Desyatnikov was awarded a Golden Ram prize and the Grand Prix of the IV International Cinema Music festival in Bonn for his score for Moscow and the special prize of the Window to Europe Cinema Festival in Vyborg. In 2006 the opera The Children of Rosenthal received the special jury prize of The Golden Mask National Theatre Award. In 2003 Desyatnikov was awarded the State Prize of Russia.

==Works==
Desyatnikov is the author of four operas, the symphony The Rite of Winter 1949, vocal cycles to the poems of Rilke and the OBERIU poets, and several instrumental transcriptions of themes by Ástor Piazzolla.
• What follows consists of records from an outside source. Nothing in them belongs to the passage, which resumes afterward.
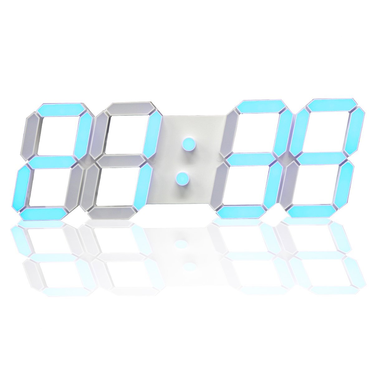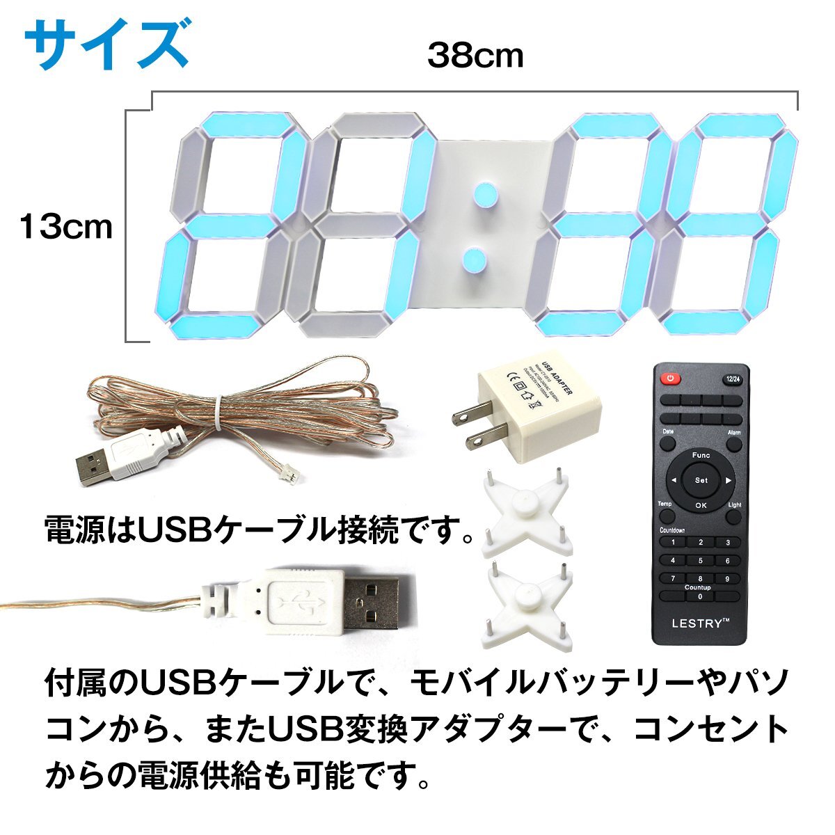 LEDデジタル3D時計 本体カラー:ホワイト/白 LED発光カラー:ブルー/青 明るさ調整可能 リモコン付き
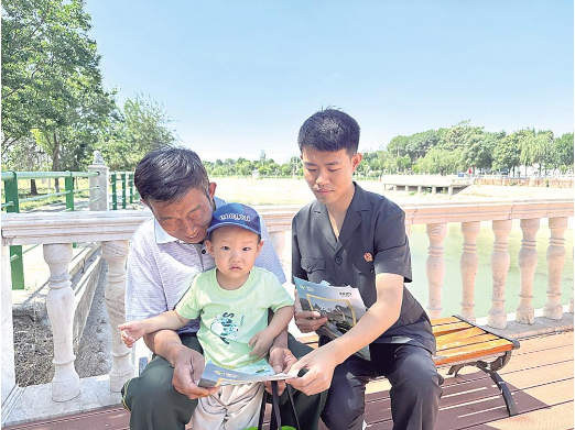 法官助理李維斌在運(yùn)河沿岸開(kāi)展普法宣傳。
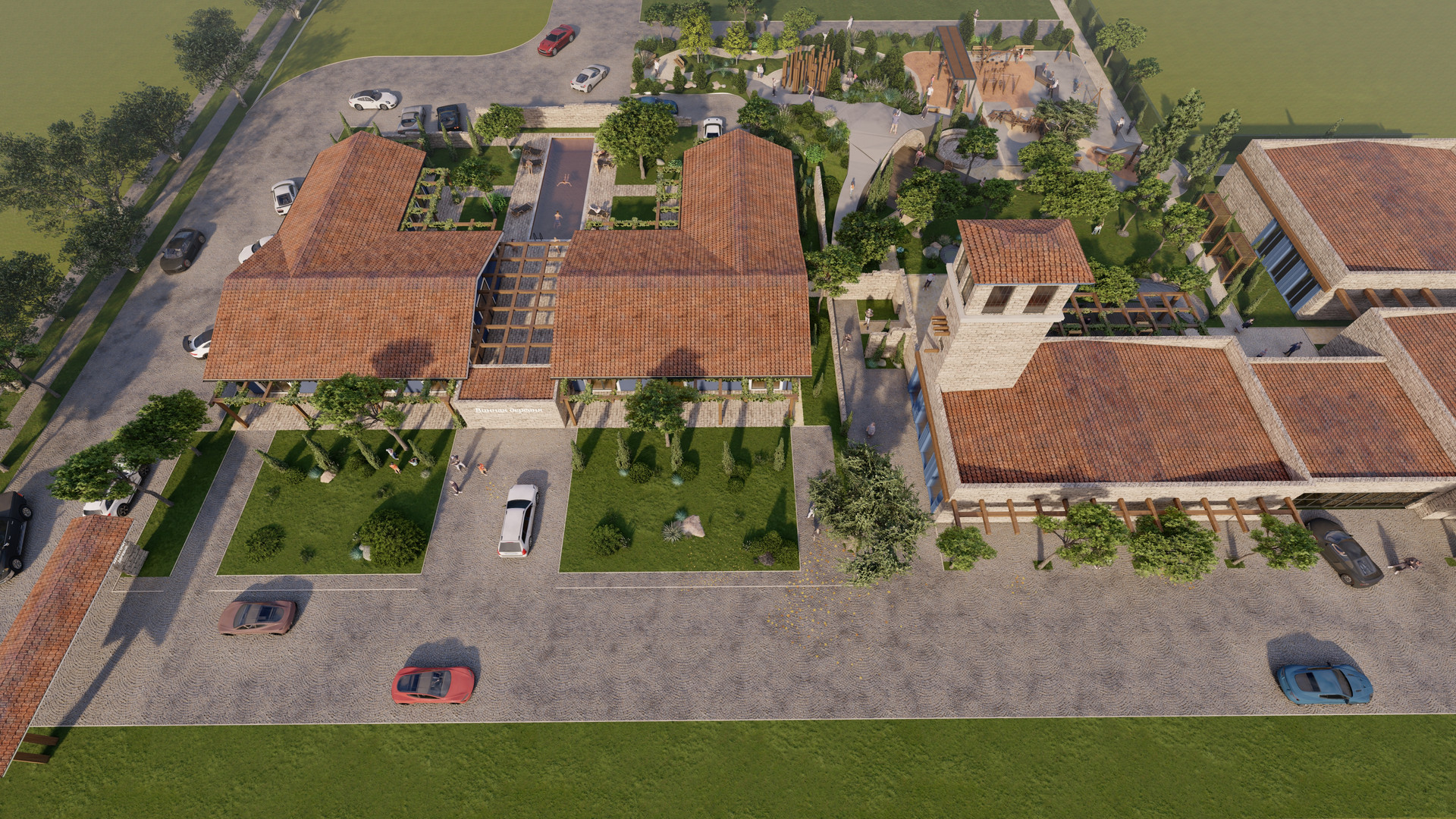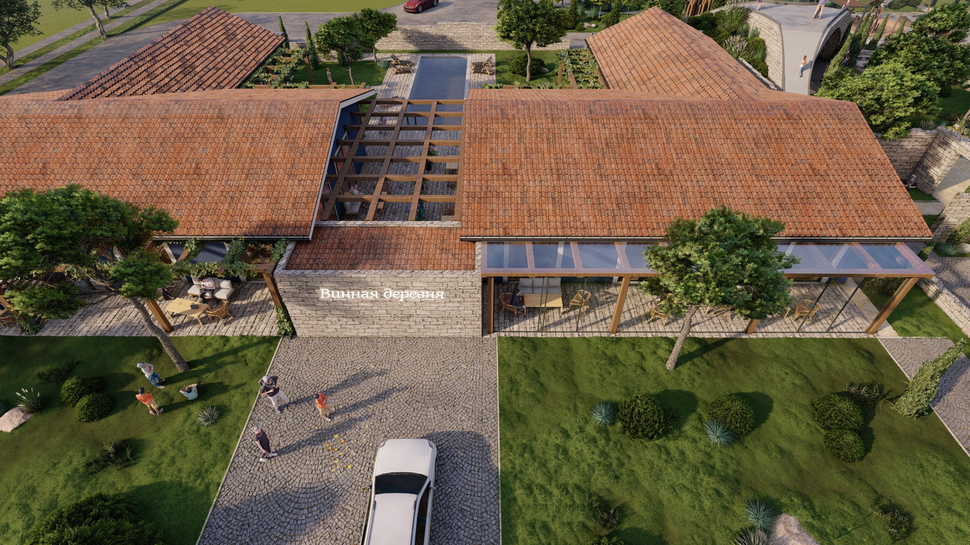 Комплекс апартаментов в посёлке расположен рядом с центральным парком и винодельней.
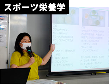 様々な選手の栄養サポートができるように基礎栄養学や身体の仕組みを理解する演習授業。

The style of his music is defined by the composer himself as "an emancipation of consonance, transformation of banality and 'minimalism' with a human face". His favourite genre is "a tragically naughty bagatelle".

===Opera===
- Poor Liza (Бедная Лиза) one-act chamber opera, libretto by Leonid Desyatnikov after Nikolai Karamzin's novel (1976, revised 1980)
- Nobody Wants to Sing or Bravo-bravissimo, Pioneer Anisimov (Никто не хочет петь, или Браво-брависсимо, пионер Анисимов a comic opera for children in two acts, libretto by B. Chaban (1982)
- Vitamin of the Growth (Витамин роста) one-act classical opera for children, for the soloists and piano after the poem by Oleg Grigoriev (1985)
- The Children of Rosenthal (Дети Розенталя) opera in two acts, libretto by Vladimir Sorokin. Commissioned by the Bolshoi Theatre, premiered March 23, 2005

===Chamber music===
- Variations on the Obtaining of a Dwelling for violoncello and piano.
- Wie der alte Leiermann for violin and piano
- Du côté de chez Swan for two pianos
- Sketches to Sunset, quintet for flute, clarinet, violin, double bass and piano
- Return for oboe, clarinet, two violins, viola, cello and tape

===Other genres===
- Gift (Dar), after Gavrila Derzhavin
- Dichterliebe und -leben, a vocal cycle to the poems by Daniil Kharms and Nikolay Oleynikov
- The Leaden Echo, for voice(s) and instruments after Gerard Manley Hopkins
- Russian Seasons for voice, solo violin and strings

===Music for symphony orchestra===
- The Rite of Winter 1949, a symphony for chorus, soloists and orchestra.
- Sketches to Sunset for orchestra

===Ballet===
- Lost Illusions

===Film music===
- Sunset ("Закат", Zeldovich, 1990)
- Lost in Siberia ("Затерянный в Сибири", 1991, Mitta)
- Katia Izmailova (Moscow nights) ("Подмосковные вечера", Todorovsky, 1994)
- Hammer and Sickle ("Серп и молот", Livnev, 1994)
- Giselle's Mania ("Мания Жизели", Uchitel, 1995)
- The Prisoner of the Mountains ("Кавказский пленник", Bodrov, 1996)
- Whoever Softer ("Тот, кто нежнее", Karpykov, 1996)
- His Wife's Diary (Uchitel, 2000)
- Moscow ("Москва", Zeldovich, 2000)
- Tycoon ("Олигарх", Loungine, 2002)
- Dreaming of Space ("Космос как предчувствие", Uchitel, 2005)
- Captive ("Пленный", Uchitel, 2008)
- Target ("Мишень", Zeldovich, 2011)
- Van Goghs ("Ван Гоги", Livnev, 2019)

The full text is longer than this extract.